Iraq: another spike in executions with 38 people hanged in last four days
‘The increasing use of the death penalty in Iraq will only fuel more violence’ - Said Boumedouha
Reports have emerged today of 12 secret executions carried out by the Iraqi authorities, bringing the number of prisoners put to death in the country since the weekend to 38, Amnesty International said today.
Yesterday the Iraqi Ministry of Justice issued a statement confirming that the authorities had executed 26 men two days earlier - on Sunday. One of these was Adel al-Mashehadani, who was said by the Ministry of Justice to have carried out a number of sectarian attacks. Amnesty has separately confirmed through independent sources that at least 12 further men have also been executed.

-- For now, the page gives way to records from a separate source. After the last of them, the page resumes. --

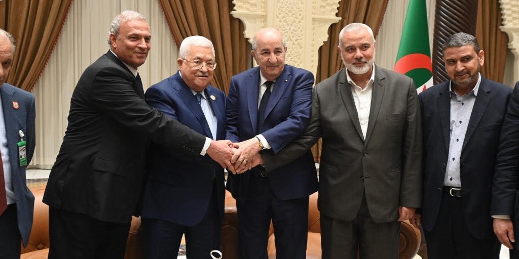 جمع رئيس الجمهورية، السيد عبد المجيد تبون، بالمركز الدولي للمؤتمرات “عبد اللطيف رحال” بالجزائر العاصمة، رئيس دولة فلسطين، السيد محمود عباس ورئيس المكتب السياسي لحركة حماس الفلسطينية، السيد إسماعيل هنية، في لقاء تاريخي بعد فتور دام سنوات. اللقاء جمع أيضا، ممثلين عن السلطة الفلسطينية وحركة حماس. ومن جهة أخرى، وقّع الرئيس تبون ورئيس دولة فلسطين وثيقة تنص على تسمية شارع برام الله بإسم الجزائر. ولقيت هذه المبادرة التي قام بهدا الرئيس تبون ردود إشادة من طرف وسائل إعلام عالمية وشخصيات داخلية وخارجية، تؤكد على الدور الريادي للجزائر وحنكة الدبلوماسية الجزائرية التي أثبتت مرة أخرى قدرتها على إدارة الملفات المعهدة. ويؤكد هذا اللقاء، إمكانية تجاوز ملف الانقسام الفلسطيني الداخلي الذي طال عمره، وإمكانية تحريك هذا الملف بعد فشل العديد من العواصم العربية والأوربية في زحزحة ملفاته المُجمدة والشائكة. وبعد ساعات من نشر صور وتفاصيل اللقاء التاريخي، حتى ضجت وسائل الإعلام ومواقع التواصل الاجتماعي، بالإشادة بدور الجزائر. وبدأت التساؤلات تُطرح حول أهمية هذا اللقاء، ونجاح الرئيس تبون شخصيًا في تقريب وجهات نظر الفرقاء الفلسطينيين.
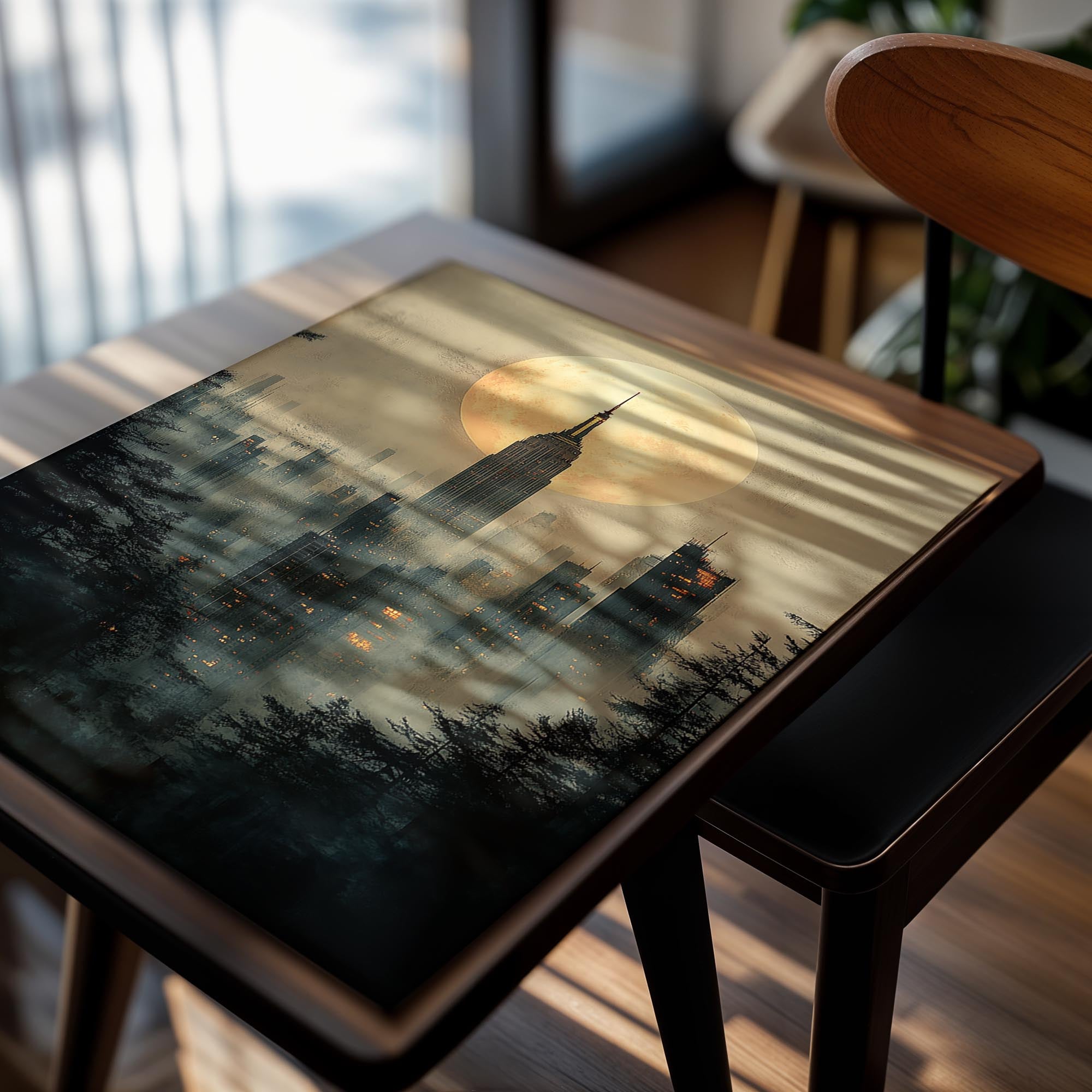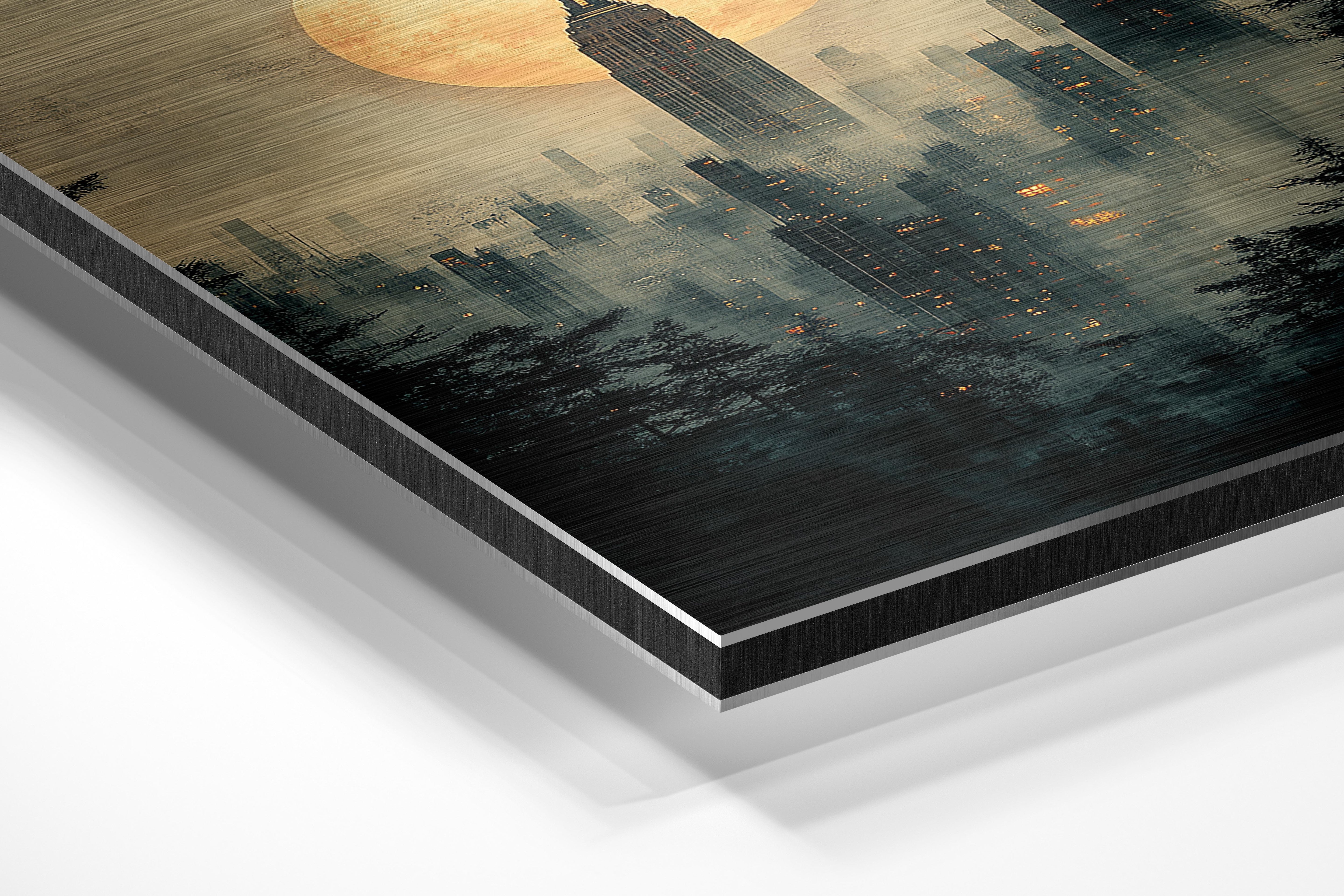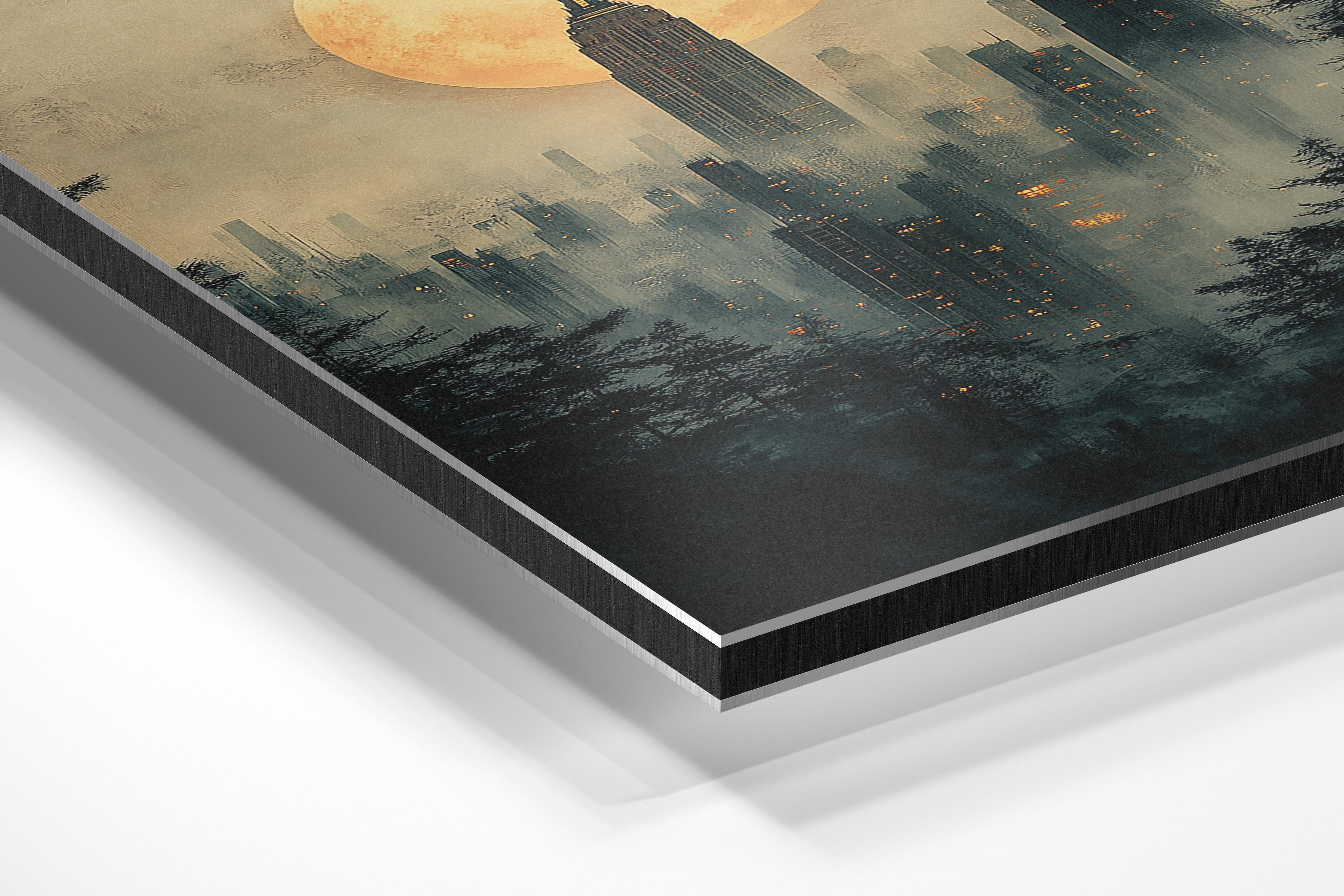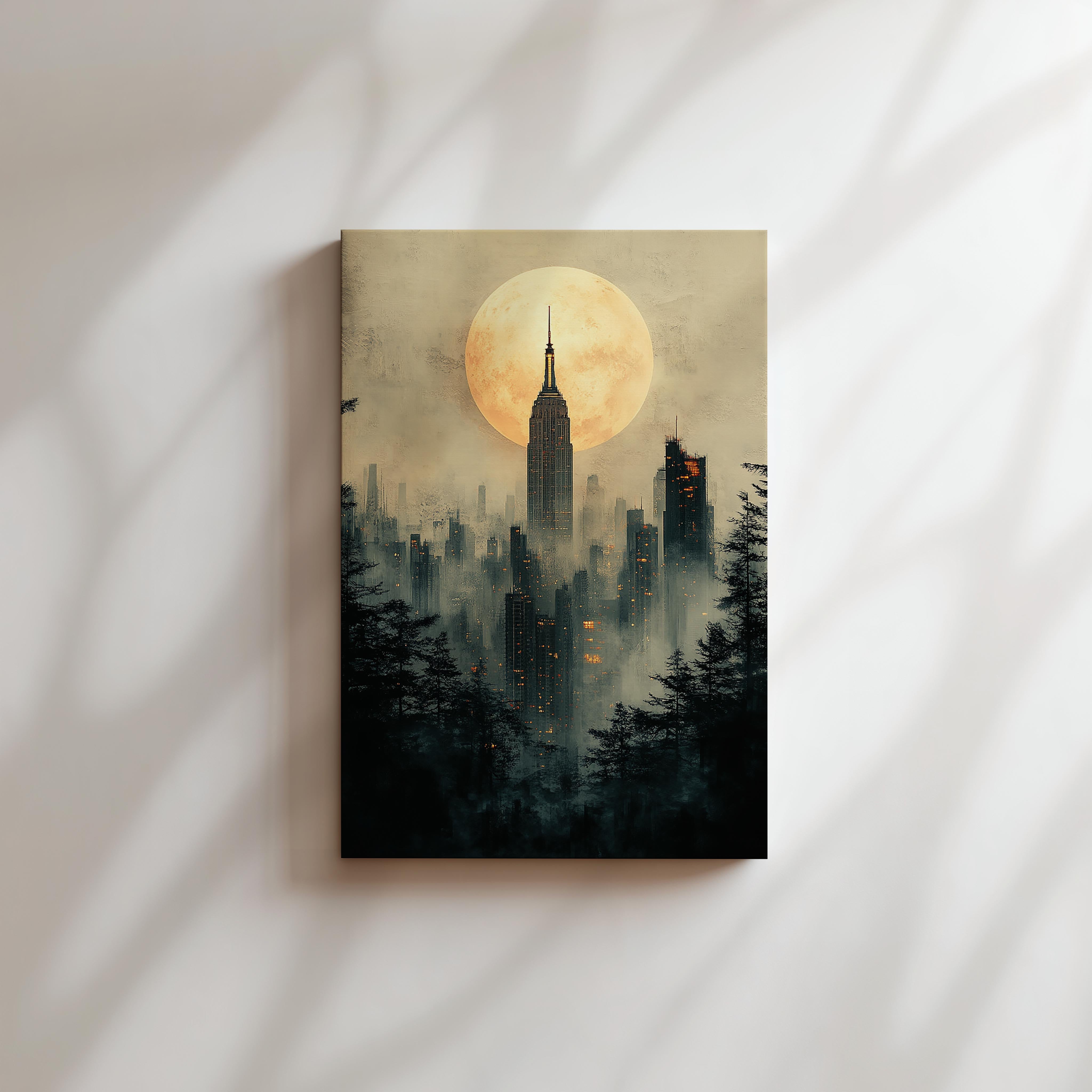 A stunningly cinematic composition of a metropolis partially reclaimed by nature, bathed in the glow of an oversized full moon. The towering skyscrapers blend into the misty forest, creating an eerie yet beautiful contrast between urban civilization and the wild unknown. The deep shadows and warm golden lights add an element of mystique, making this piece perfect for lovers of atmospheric cityscapes. It would enhance a modern loft, an art-driven workspace, or a storytelling-inspired environment, evoking the delicate balance between nature and technology.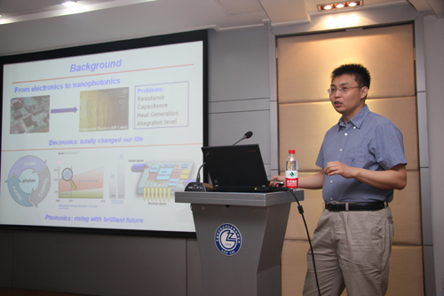 报告会上,赵永生研究员从无机-有机光子学材料比较开始,对有机纳米光子学材料的发展、优势、特性等做了深入浅出的讲解。从基于电子学的“电脑”到基于光子学的“光脑”,从电子在电缆中的运动到光子在光纤中的传输,赵永生研究员深入浅出,生动形象地讲述了纳米光子学材料的制备、性能以及应用,详细阐述了基础理论研究和实际应用的联系。报告结束后,赵永生研究员与与会老师和同学们进行了互动交流,并对提出的问题作了详细地讲解。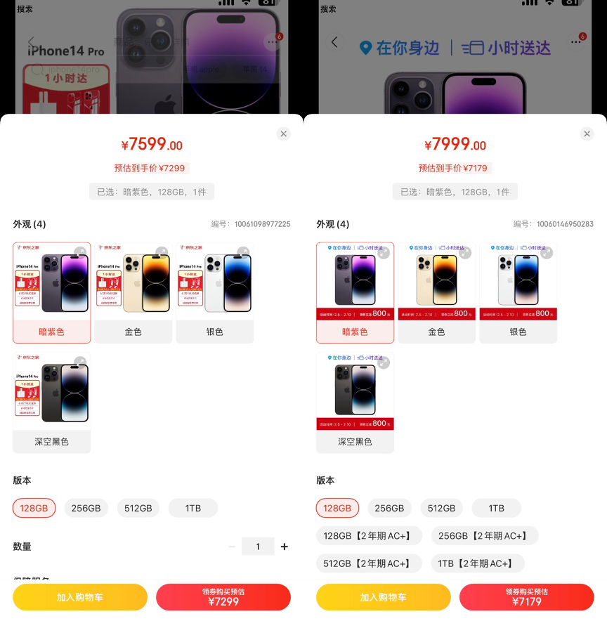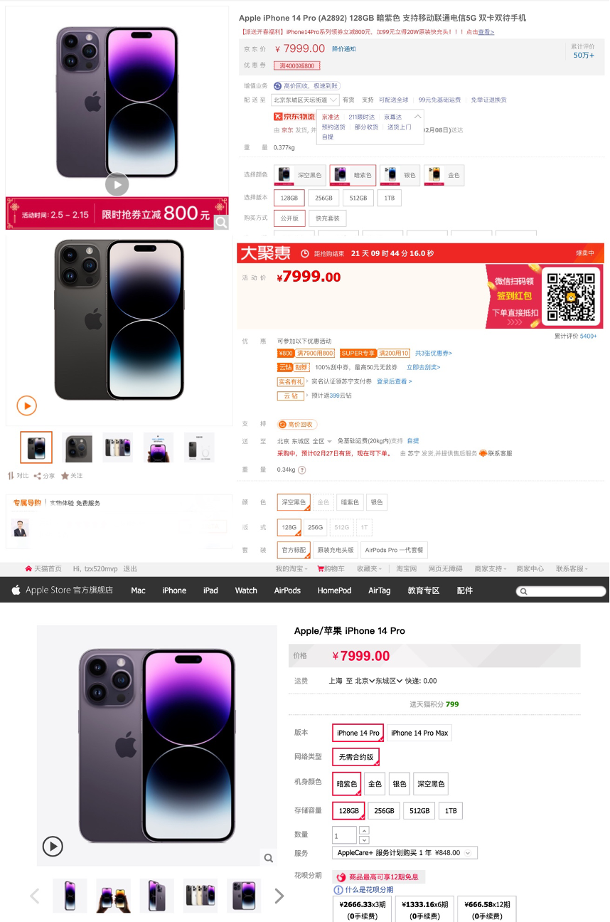 以iPhone 14 Pro机型为例,在Apple Store官网上,起售价为7999元,而电商平台京东上,iPhone 14 Pro起售价虽然还是7999元,但是平台赠送了800元的优惠券,因此起售价到达了7199元。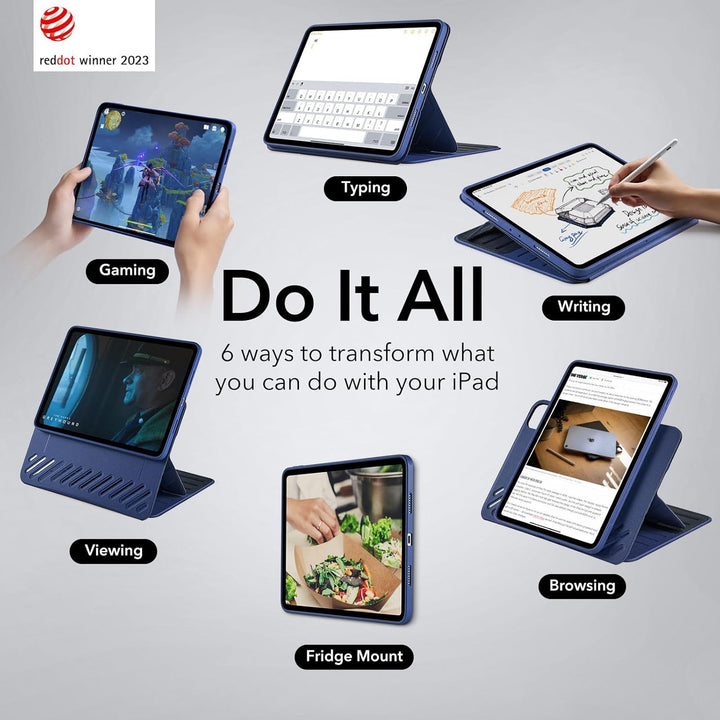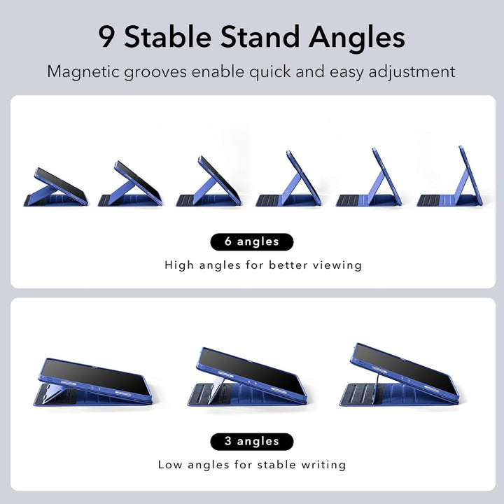 - Ultrastabiler Ständer: Breite Stützhalterungen rasten magnetisch in Rillen in der Basis ein, um dir hervorragende Stabilität zu bieten, selbst wenn du dein iPad Pro auf deinem Schoss verwendest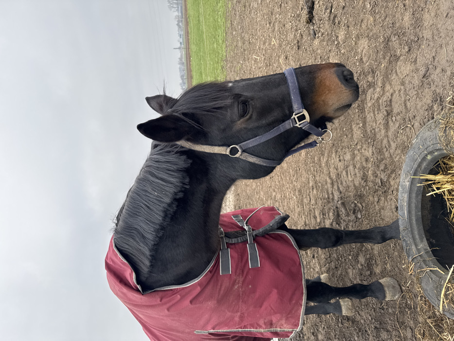 - "The scene depicts a dark bay or black horse standing in a muddy outdoor enclosure in Estaimpuis, Belgium" by FM-xTDQG2, licensed under CC BY 4.0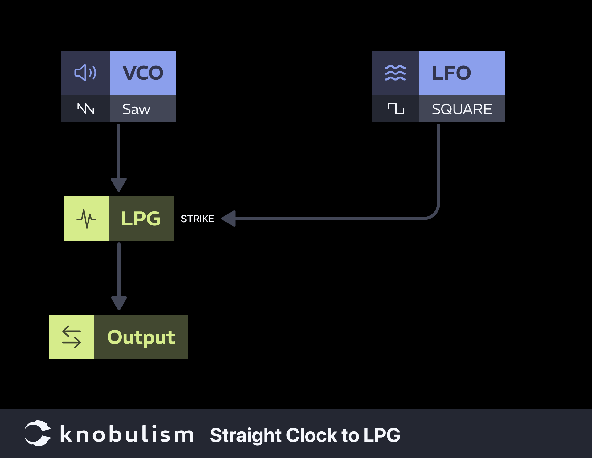 Let’s say you’ve got a steady clock striking a low-pass gate (LPG) fed with a harmonically rich waveform. The result? A never-ending stream of evenly spaced bonks.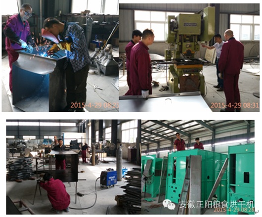 工人們正在車間內(nèi)加緊生產(chǎn)糧食烘干機,現(xiàn)場機器轟鳴,焊花飛濺。

The organisation has also learnt that the Iraqi president’s office has ratified around 200 cases of people sentenced to death, paving the way for these executions to be carried out. In Iraq, all judicially-confirmed death sentences need to be ratified by the presidency before they can be implemented.
Most of those hanged in this latest spike of executions - all Iraqi men - were convicted on charges of terrorism under the country’s draconian 2005 Anti-Terrorism Law. Amnesty fears that the Iraqi authorities may be using the current violence in al-Anbar governorate to speed up executions to demonstrate their efforts to protect civilians against attacks by armed groups.
Amnesty International Middle East and North Africa Deputy Director Said Boumedouha said:
“The increasing use of the death penalty in Iraq will only fuel more violence as many of those executed are often convicted after grossly unfair trials.
“The only way to deal effectively with the security threats faced by the country is for the Iraqi authorities to address their deeply flawed justice system, in which ‘confessions’ extracted under torture are used as evidence in court and the execution of prisoners is routine.”
These latest executions come less than a week after the UN Secretary General Ban Ki-moon called on the Iraqi authorities to put a moratorium on executions during a visit to Iraq. This call was rejected by Iraqi Prime Minister Nuri al-Maliki, who said in a joint press conference that the authorities “do not believe that the rights of someone who kills people must be respected.”